8:23 PM -- Obama is all about securing Pakistan's nuclear arsenal. Still, he's "gravely concerned"—not that there's anything to freak out about, right now — but the government there? Not so stable.
8:24 PM -- "We need to help Pakistan help Pakistanis."
8:25 PM -- In fact, while everyone was worrying about India, the real threat was ominously non-specific "Balkan extremists," who rule through ambiguity. And nuclear weapons.
8:26 PM -- Iraq! Ummm... we need do "serious work," on things, which is the militaristic equivalent of "washing one's fucking hands."
8:28 PM -- Chip again! With the Arlen Specter.
8:29 PM -- Obama has ALWAYS loved Arlen Specter, you guys. Fuckin, Obama saw Arlen Specter open for Pavement in Seattle in '91. Obama has an Arlen Specter concert tee that he wears to Senate meetings and Coachella.
8:30 PM -- To my "Republican... friends:" Obama doesn't want to DEFINE the relationship, give it a LABEL, but it means something to him. Until senior year and then who knows.
8:31 PM -- Obligatory "too much to swallow" recognition. Everyone drink 100 shots. (Hat Tip to your Intern Juli's friend SAM, who is on his 99th shot.)
8:32 PM -- Here's that promised Smugness! "Hey remember when you all thought I was going to lose. Well."
8:33 PM -- Saucy joke about abortion from a pink-shirted gentleman. Look at you!
8:34 PM -- Pro-choicers create straw fetuses when they talk about how abortion is about freedom. See? His position is consistent.
8:35 PM -- Women need to wash their hands, thus eliminating unwanted pregnancy.
8:36 PM -- Some guy gave Obama three adjectives, and Obama must free associate.

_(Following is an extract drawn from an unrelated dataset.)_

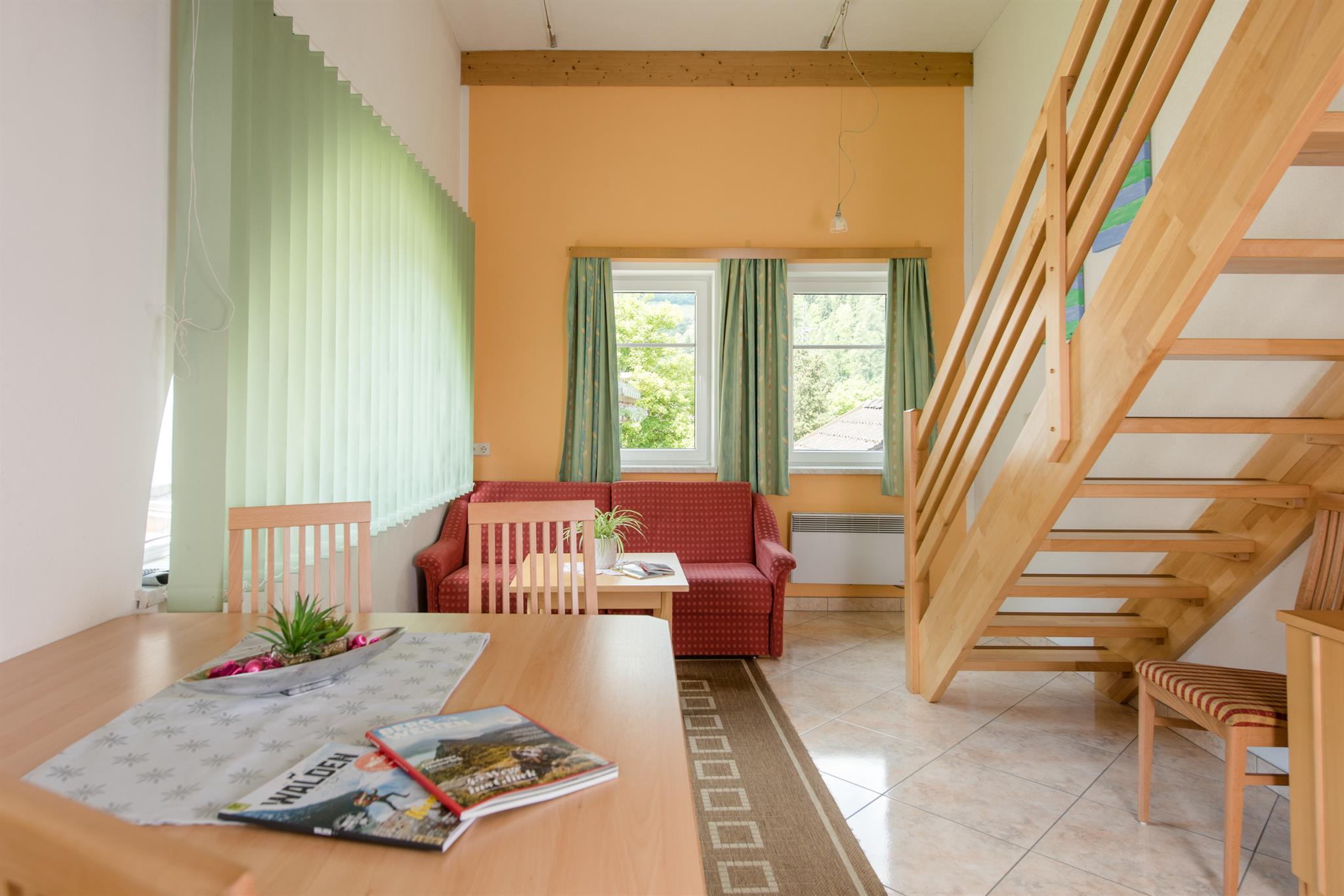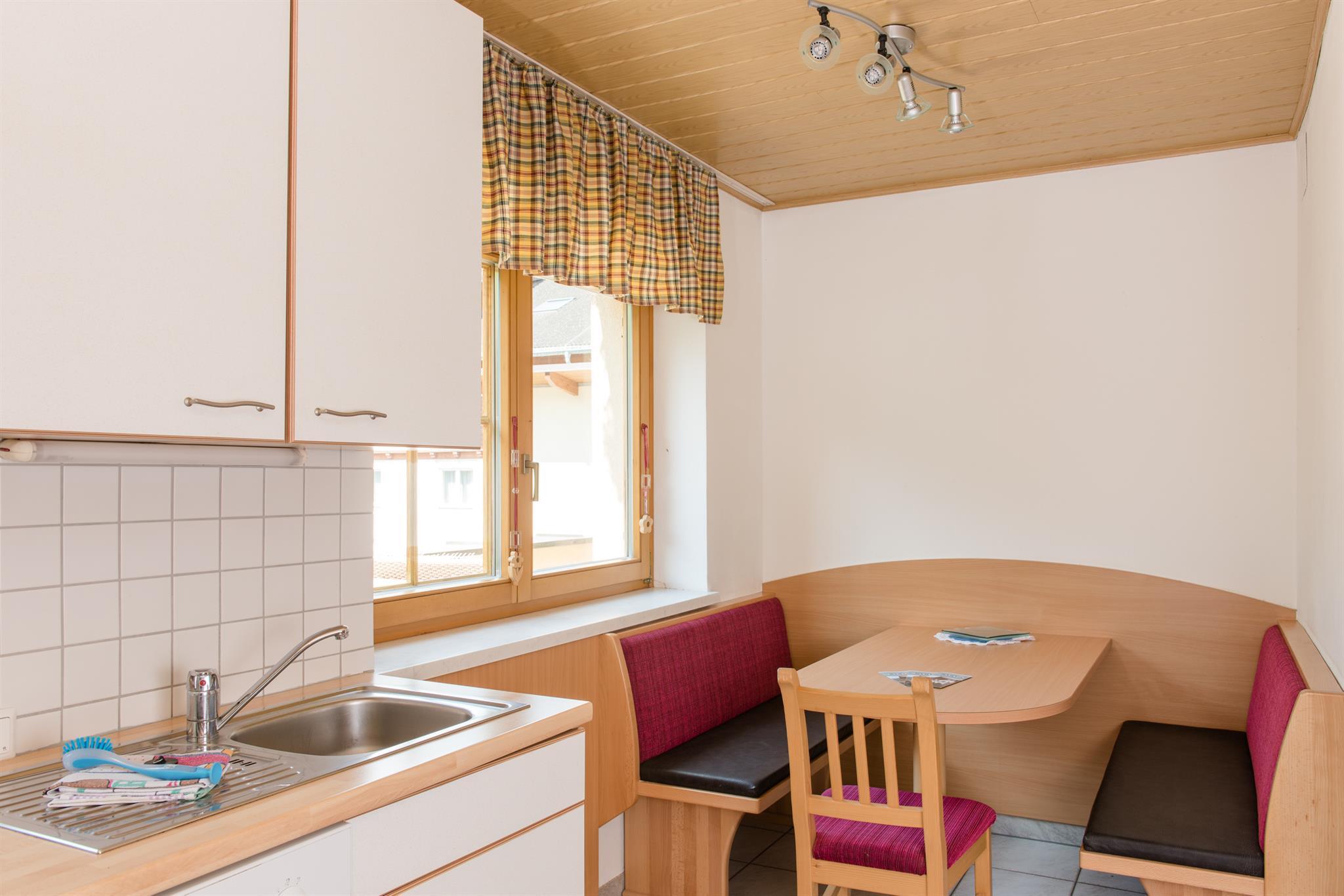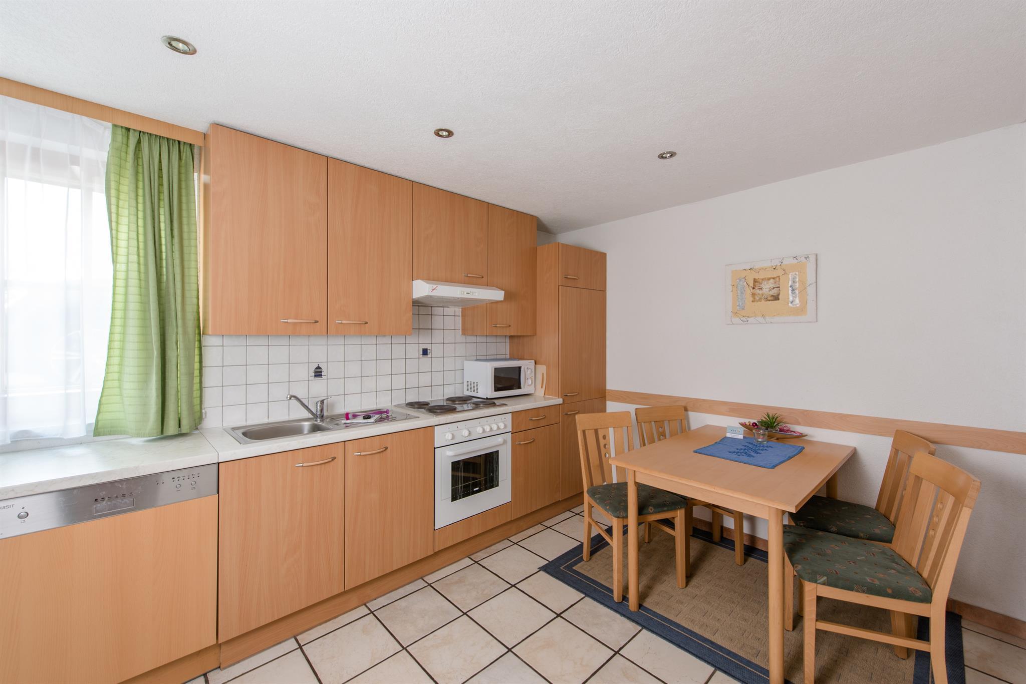 Schönes, großes Appartement für bis zu 6 Personen. Ein Doppelzimmer, Galerie mit 2 Einzelbetten, komb. Wohn- und Schlafraum mit 2 Schlafmöglichkeiten, Küchenblock mit Geschirrspüler, Mikrowelle, Wasserkocher, Elektroherd und Backrohr. Badezimmer mit Dusche/WC, Skiraum mit Schuhtrockner.

This will reveal Psychological Mysteries Within, verily. Let's take this first one. "Surprise." Obama: "Worst Economic Crisis Since the Great Depression." All other Presidents had three or four (3 or 4) problems, while he, Obama, has at LEAST seven (7).
8:39 PM -- "Troubled." Obama: "Sober." Fuckin-A, man.
8:40 PM -- "Enchanted." Everyone is laughing because of how gay that is.
8:40 PM -- Okay, SURPRISE. Your editor KEN will ENCHANT you now. Cya!